DCAM 2012-04-09 telecon - Report
This report: http://wiki.dublincore.org/index.php/DCAM_Revision/TeleconReport-20120409
Agenda: http://wiki.dublincore.org/index.php/DCAM_Revision/TeleconAgenda-20120409
Present: Tom (chair), Aaron, Stuart, Gordon, Diane, Michael, Corey, Karen
----------------------------------------------------------------------
Minutes of previous call on 22 March
ACCEPTED http://wiki.dublincore.org/index.php/DCAM_Revision/TeleconReport-20120322
----------------------------------------------------------------------
DCAM Issue tracking
Tom: Premature to use GitHub for DCAM issues, but we have started to use it for
the Schema.org Alignment TG - see
http://wiki.dublincore.org/index.php/Architecture_Forum_Issue_Tracker
----------------------------------------------------------------------
Gordon's examples
Action was:
ACTION: Gordon and Aaron to put examples into the wiki.
Links:
https://www.jiscmail.ac.uk/cgi-bin/webadmin?A2=ind1203&L=dc-architecture&F=&S=&P=55080
http://wiki.dublincore.org/index.php/DCAM_Revision_High_Level_Example_Publication_Statement
http://wiki.dublincore.org/index.php/DCAM_Revision_High_Level_Example_Core_Elements
http://wiki.dublincore.org/index.php/DCAM_Revision_High_Level_Example_Resource_Descriptions
Gordon: The three examples posted are compilations of things I had mailed to list
earlier. First, Publication Statement. Example of something quite
ubiquitous in library MD schema - a bunch of elements need to be brought
together and kept together to form a higher-level "statement". To
catalogers, these higher-level statements are just as real as sub-elements.
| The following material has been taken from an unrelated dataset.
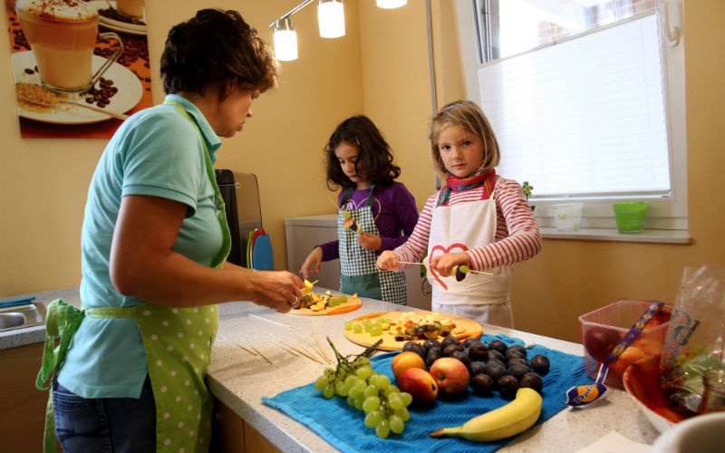 Це дитячий садок в Альтенберге. Діти допомагають вихователю приготувати ланч, який потім буде поданий для всієї групи.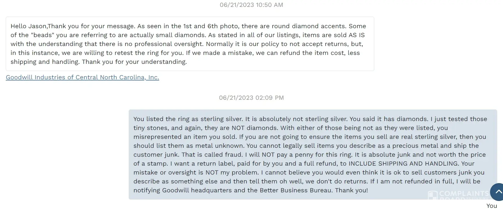 The Goodwill store in Greensboro, NC sold me a ring they said was sterling silver with diamond accents. I paid to have the ring sent to me in North Dakota. When the ring arrived, I tested the ring and it is junk costume jewelry, made of copper and there are no diamonds in the ring. When I notified the store of their error and sent them the proof of the tests, showing their ring is not what they said it was, they told me I could pay to ship the ring back to them (second time paying for shipping) and they would retest the ring (why didn't they test it prior to selling it). If the ring was found to not be sterling silver, they would refund my purchase price, but not the shipping and handling fees. When I told them that is absurd that I should pay anything for the junk they shipped me, they disabled my account. Can you imagine that? They commit fraud and then double down on it and then tell the customer they have to pay for that junk, even though they lied from the start. I tried to contact them through the website and tried to reach their management. They were NO help whatsoever. This store is HORRIBLE! Do NOT trust them and do NOT buy anything from them. They run the store like used car salesman! Every employee at that store should be FIRED! To be clear, my complaint is not with Goodwill as a whole. It is specifically the Goodwill store in Greensboro, North Carolina.

Unless there is some packaging mechanism, they can get [disaggregated] and
be used to form false data. These form units. It is important to ensure that
elements get kept together and do not get cross-linked.
Approach being taken by both ISBD and other namespaces - use aggregated
statement approach that Diane, Jon, Karen, and I published last year -
is based on DCAM.
http://dlib.org/dlib/january10/hillmann/01hillmann.html (actually Jan. two years ago!)
Tom: I want to flag that the use of the terms "element" and "statement" could
be confusing -- using terms at different level of granularity.
Can the Publication Statement be conceptualized as an Application Profile?
Diane: No, a Syntax Encoding Scheme.
Gordon: The ambiguity around "element" is deliberate - different schemas define
different levels of aggregation.
Tom: How does one specify a new Syntax Encoding Scheme? How is this different
than specifying the structure of statements as in an Application Profile?
Diane: If you were doing an application profile and using RDA, which already
has SESes... I don't know that it is inherently information that has to be in
an application profile. In RDA, we did it so each of the pieces that we are
using in an SES are declared separately - use together or separately.
What we specified is which pieces in what order.
Tom: Can application profiles be recursive? Can an application profile be used
at the record level but also at a lower level, for defining a Syntax Encoding
Scheme?
Gordon: It works the other way as well. CCDA is looking at the element Extent
in RDA. Outcome, if accepted, would be to increase the granularity and take
what is now a single element and subdivide it into components. There is a
continuum of granularity that will shift as metadata evolves.
This will have an impact on mapping exercises.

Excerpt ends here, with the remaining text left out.